> PROBLEM REQUIREMENTS
In the entries below, repeat only the lines between those holding "揚州寶應素有淮劇之鄉(xiā" and "收费区间:月综合费用大致在8", inclusive. Leave pictures out.
*** Opening RECORDS FOR THE TASK ***
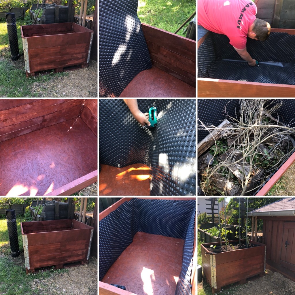 Nach dem die Lasur abgetrocknet ist, haben wir die Palette an Ort und Stelle des Hochbeetes gestellt und die Aufsatzrahmen darauf gesetzt. Das geht ganz einfach und man braucht hierzu kein handwerkliches Geschick. Danach haben wir zum Schutz für das Holz Noppenfolie mit den Noppen nach außen mit dem Tacker in dem Hochbeet befestigt.
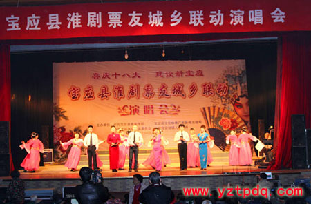 揚州寶應素有淮劇之鄉(xiāng)的美譽?;磩≈杏袃纱罅髋?,即所謂東路藝術和西路藝術,其西路藝術就源于寶應。查一查新編《縣志》便可看到,一百多年來,許多民間藝術家,在這塊園地中不輟耕耘,為淮劇的孕育、催生和成長、革新灌注了心血和汗水。也許因為是“鄉(xiāng)音”,寶應人不但愛聽淮劇,也愛唱淮劇,尤其酷愛原汁原味的老淮調(diào)。
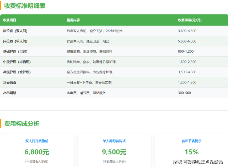 收费区间:月综合费用大致在8000元至15000元之间,具体根据房型、服务等级等因素确定
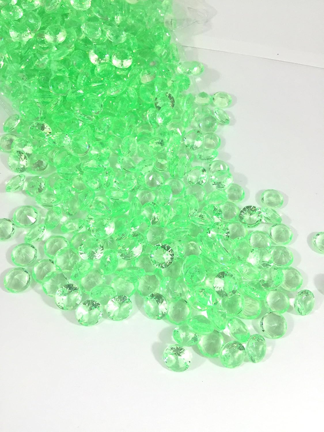 High quality decorative acrylic diamond. Looks great at any event and make perfect table scatter, clear or colored. Color appear different under different light settings. These sparkling decorations are perfect for weddings, bridal showers, birthdays or anniversary parties. Just scatter these unique gems on guest tables, add to a vase, or centerpiece, or place anywhere you want to add a bit of dazzle. They are ideal for aquarium or fish tank too. Approximately 1000 pieces per pound ( Diameter 120 mm ).
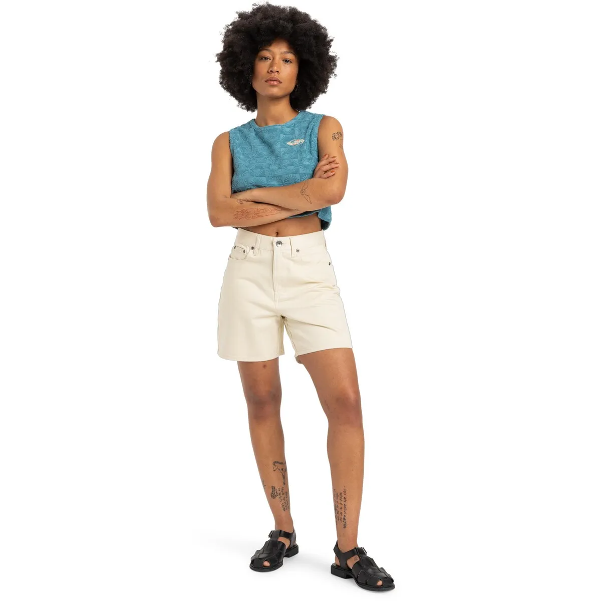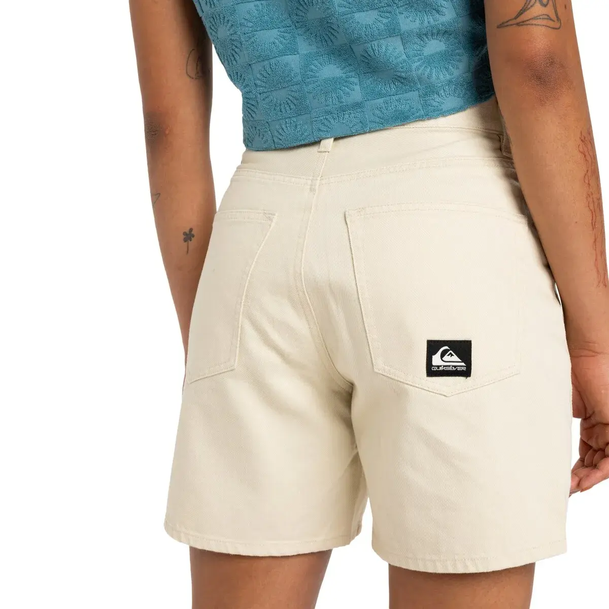 Короткие с 5 карманами для женщин. Особенности включают: Коллекция: Essentials, Ткань: 100% органический хлопковый холст (326 г/м2), стирка: стирка в изделии, Крой: кроя мами, Застежка: металлические пуговицы, Застежка спереди с металлической молнией, Карманы: боковые карманы, задние карманы, Бренд: упаковка из переработанных ярлыков Quiksilver, Другие особенности: пояс с петлями для ремня и Made Better.
*** Closing RECORDS FOR THE TASK ***
> SOLUTION TO THIS PROBLEM
 揚州寶應素有淮劇之鄉(xiāng)的美譽?;磩≈杏袃纱罅髋?,即所謂東路藝術和西路藝術,其西路藝術就源于寶應。查一查新編《縣志》便可看到,一百多年來,許多民間藝術家,在這塊園地中不輟耕耘,為淮劇的孕育、催生和成長、革新灌注了心血和汗水。也許因為是“鄉(xiāng)音”,寶應人不但愛聽淮劇,也愛唱淮劇,尤其酷愛原汁原味的老淮調(diào)。
 收费区间:月综合费用大致在8000元至15000元之间,具体根据房型、服务等级等因素确定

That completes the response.